**WHAT TO DO:**
Please return the data word for word and leave out any picture it contains.

**DATASET CONTENT:**
◇ ◇ ◇
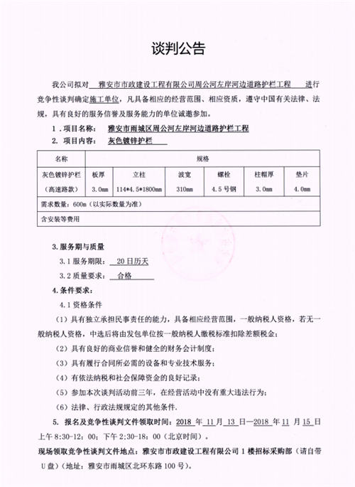 周公河左岸河邊道路護(hù)欄工程競(jìng)爭(zhēng)性談判公告(市政公司)
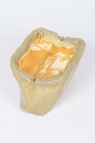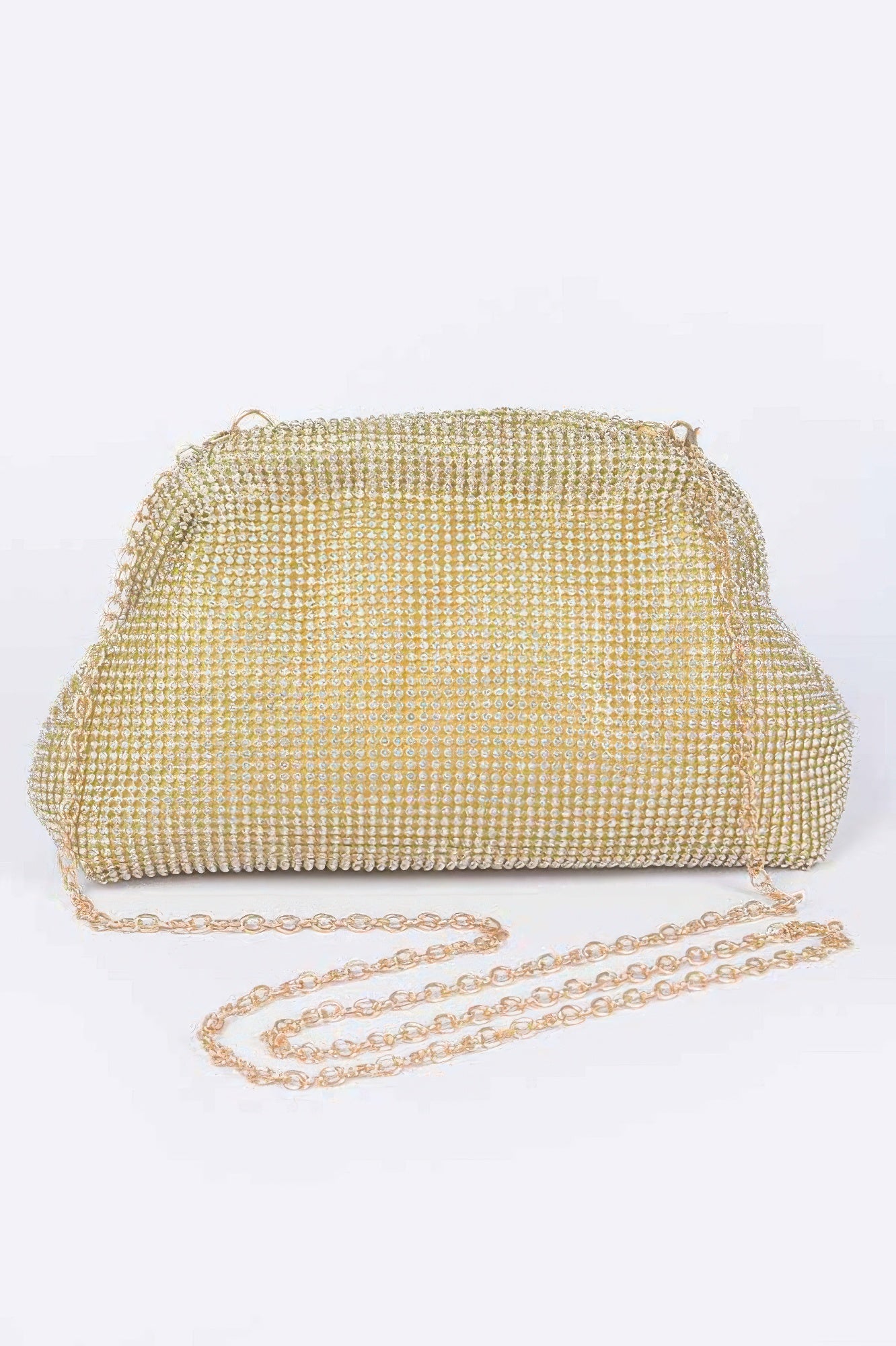 Product Description: All-out sparkle meets sleek design in the Rhinestone Party Clutch. Covered in dazzling rhinestones, this structured clutch is made to catch the light and attention. Its compact shape fits the essentials, while the metallic hardware adds a polished finish. Perfect for weddings, cocktail parties, or holiday events, it’s the ideal piece to elevate your evening look. Carry it by hand or tuck it under your arm for a chic, effortless feel.
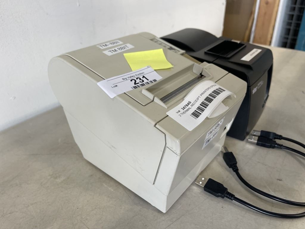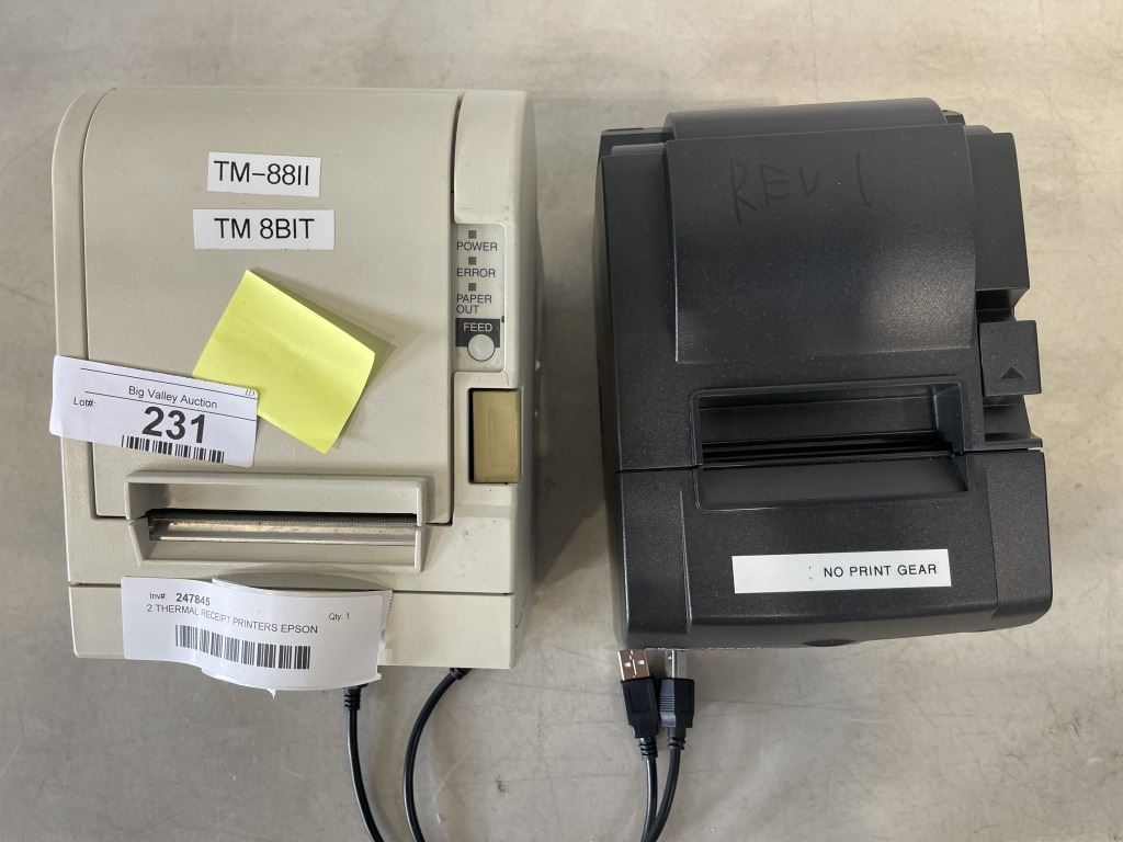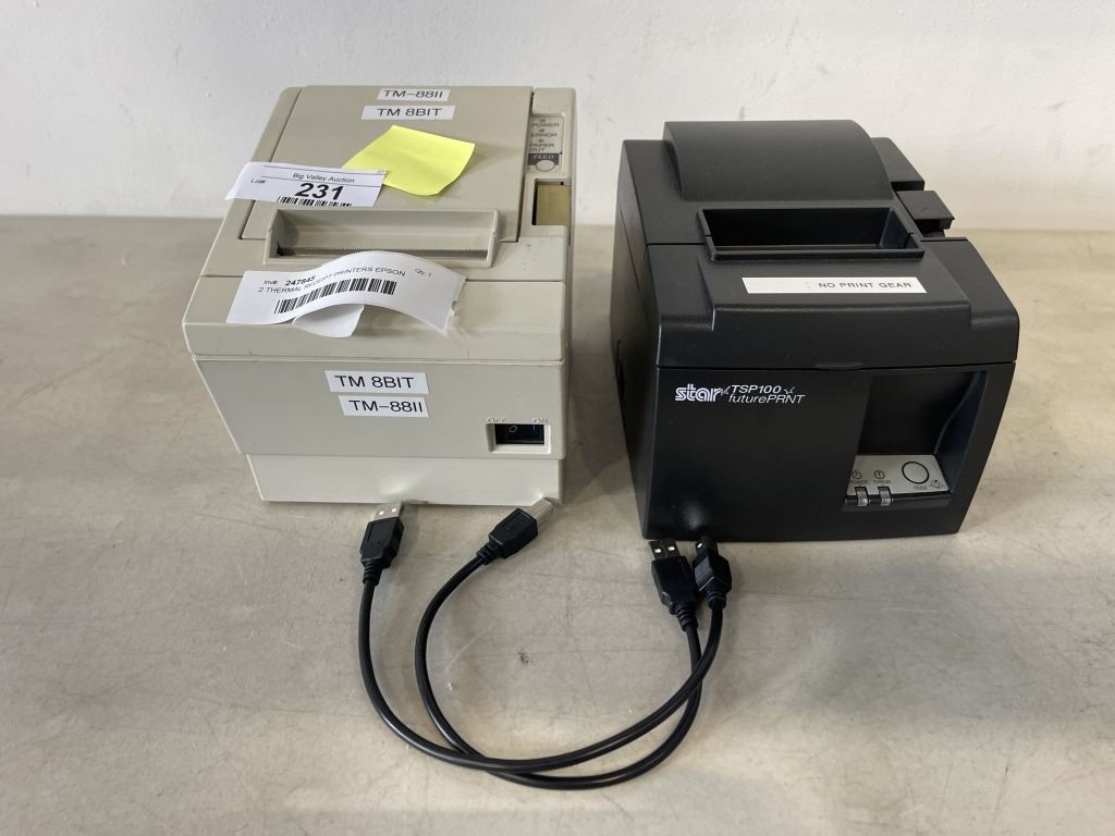 2 THERMAL RECEIPT PRINTERS EPSON TM-8811 AND STAR MODEL TSP100, NO POWER CABLES
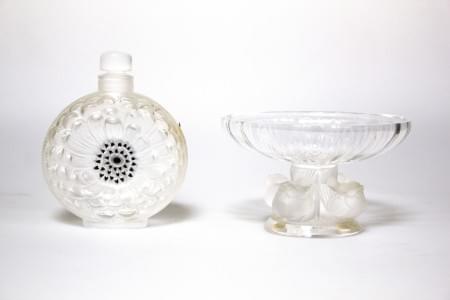 3218. Lalique France, Flacon à parfum Dahlia et Coupe Nogent
◇ ◇ ◇
**EXERCISE ANSWER:**
 周公河左岸河邊道路護(hù)欄工程競(jìng)爭(zhēng)性談判公告(市政公司)
 Product Description: All-out sparkle meets sleek design in the Rhinestone Party Clutch. Covered in dazzling rhinestones, this structured clutch is made to catch the light and attention. Its compact shape fits the essentials, while the metallic hardware adds a polished finish. Perfect for weddings, cocktail parties, or holiday events, it’s the ideal piece to elevate your evening look. Carry it by hand or tuck it under your arm for a chic, effortless feel.
 2 THERMAL RECEIPT PRINTERS EPSON TM-8811 AND STAR MODEL TSP100, NO POWER CABLES
 3218. Lalique France, Flacon à parfum Dahlia et Coupe Nogent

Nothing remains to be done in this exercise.